It started off as a bizarre night. It ended with Union’s home-ice playoff hopes fading away.
Ninth-ranked Clarkson got a fluke goal early in the game, goalie David Leggio stopped a penalty shot and the Dutchmen hung goalie Justin Mrazek out to dry too many times in a 6-2 ECACHL loss Friday at Cheel Arena.
While the victory clinched a first-round ECACHL tournament bye for the second-place Golden Knights (12-4-3 ECACHL, 20-7-4 overall), the 11th-place Dutchmen (6-12-1, 13-15-2) look like they will open the first round of the playoffs on the road. They are four points behind Colgate and Harvard, who are tied for seventh.
With three games left in the season, the Dutchmen need to win their remaining games and hope Colgate and Harvard lose theirs to have a shot at home ice for the fifth straight year. A loss to league-leading St. Lawrence tonight will eliminate the Dutchmen from home ice.
“We’ve still got three left,” defenseman Lane Caffaro said. “If we can take all three, we’ll definitely be in there. If we don’t play well these last three, we’ll probably be on the road, which is fine.”
The series of strange events began when referee Alex Dell was set to call an elbowing penalty on Clarkson’s Jeremiah Crowe. Dutchmen defenseman Michael Beynon had he puck in the slot was about to head up the ice while Union goalie Justin Mrazek skated to the bench for an extra attacker.
As Beynon tried to maneuver the puck, Chris D’Alvise slashed Beynon’s stick. That caused Beynon to backhand the puck into his open net 2:47 into the contest.
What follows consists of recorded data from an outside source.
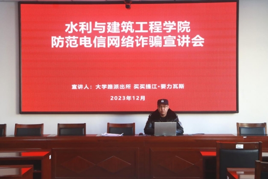 为进一步提高我院教职工的反恐反诈安全意识,着力提升学院安全防范水平。12月6日下午,学院邀请大学路派出所在工科实训大楼一号会议室开展了主题为“加强反恐反诈宣传,共筑校园安全防线”的现场宣传活动,由大学路派出所副所长买买提江·要力瓦斯、民警谭川林主讲,水建院全体教职工参加。
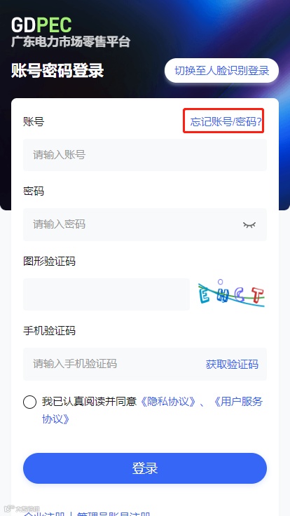 点击“忘记账号/密码”
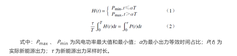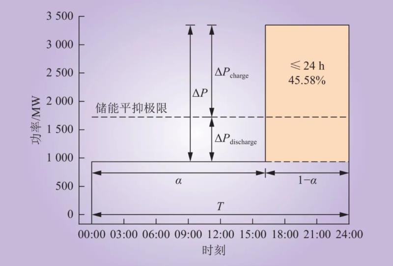 如圖1所示,由該日等效出力曲線可知,存在 1?α 的時段產(chǎn)生了高出力,若沒有任何日內(nèi)靈活性調(diào)節(jié)手段(系統(tǒng)備用、負荷響應、儲能等),整體出力只能維持在最低水平,約45.58%的能量必須拋棄。如果要消納全部電量,必須配置功率調(diào)節(jié)容量約為 ΔP 的靈活調(diào)節(jié)電源來平衡風電低出力帶來的功率缺額,而α太小會影響機組的利用效率,α 過大又會增大機組能耗。若使用儲能消納全部電量,最大須配置充放電功率分別為ΔPcharge 和 ΔPdischarge 的儲能裝置。
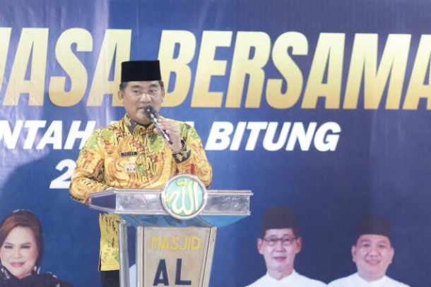 BITUNG – Safari Ramadhan Pemerintah Provinsi Sulawesi Utara (Sulut) terus berlanjut. Gubernur Sulawesi Utara, Mayjen TNI (Purn) Yulius Selvanus, SE, bersama Ketua TP-PKK Sulut Ny. Anik Yulius Selvanus menghadiri agenda Safari Ramadan Pemerintah Provinsi Sulawesi Utara yang dirangkaikan dengan buka puasa bersama Pemerintah dan masyarakat Kota Bitung. Kegiatan tersebut dilaksanakan di Masjid Nurul Huda, Kelurahan Bitung Timur, Kecamatan Maesa, Jumat (13/3/2026).
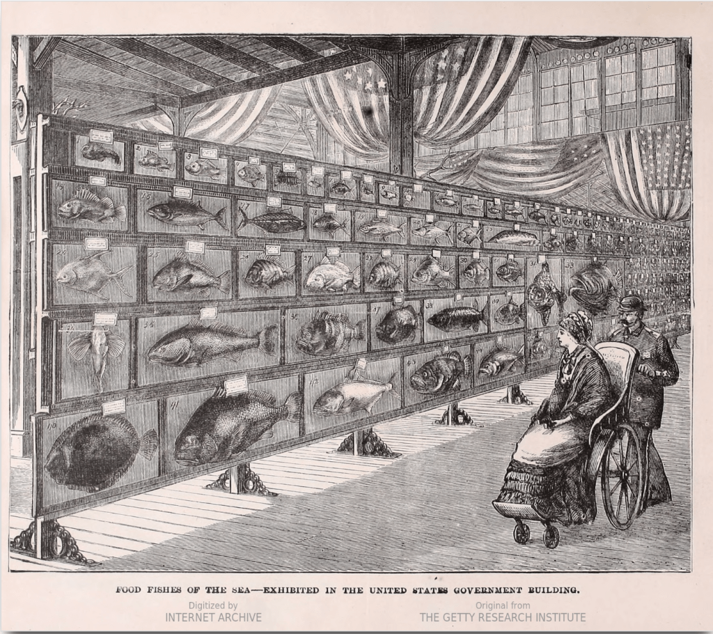 More than 200 buildings were constructed on the grounds, including special hotels made specifically to house visitors, which came from all over the world to see the exhibits. Special railroads into the event areas were created, and 27 of the 36 states also had their own “house” built in a style representative of the area’s history and architecture along a special avenue. Along with the main hall, there was an agricultural hall, a machine hall, a woman’s pavilion, a horticultural hall, and many smaller outbuildings. The Statue of Liberty’s hand and torch were on display, the rest of the statue soon to be forthcoming. There was a fire-works display described as the biggest in all of history. There was a tournament featuring fifteen knights, and a wall of every edible fish in the sea, in taxidermy. In short, it was a spectacular example of everything that makes this period in Victorian America so special.

“My brain shut down,” said Beynon, who, two seasons ago at Cheel, was penalized for shooting the puck after the first period expired, which led to a Clarkson power-play goal.
Union coach Nate Leaman had never seen a play like that before.
“We have to be stronger on our stick,” Leaman said. “We have to be responsible for that.”
Less than five minutes later, Union forward Jason Walters was pulled down on a breakaway by Max Kolu. Walters was awarded a penalty shot. He tried to beat Leggio with a wrist shot between the pads, but Leggio stopped it.
Shortly after that, Union then killed off a two-man two-minute short-handed situation, but then gave up a power-play goal to South Glens Falls native Shawn Weller with 5:50 left in the first. The Dutchmen got that one back on Matt Cook’s power-play tally with 1:59 remaining.
The Dutchmen stood around watching the Knights score goals in the second period. Mrazek couldn’t do anything to prevent one-timer goals by Mike Sullivan and Nick Dodge 57 seconds apart early in the period because no Union player helped out.
When D’Alvise scored his second goal of the game with 2:41 left in the second, three Dutchmen had a nice view of D’Alvise skating to the net and depositing a backhander past Mrazek.
David Cayer, who had three assists, converted a two-on-one for the game’s final goal late in the third period.
“I felt we lost composure defensively a lot,” Leaman said. “A little bit is our youth, but a lot of it playing a good team, [and] they made us pay. They did an excellent job converting on their chances. We had four two-on-ones in the first period, and we didn’t convert on one of them. They scored three goals on two-on-ones.”
Clarkson coach George Roll was pleased with his offense, but not the defense.
“I thought we very good offensively. I didn’t think we were good defensively,” Roll said. “I thought the difference in the game is we finished on our chances, and they didn’t.”
Ken Schott covers college hockey for The Daily Gazette in Schenectady, N.Y.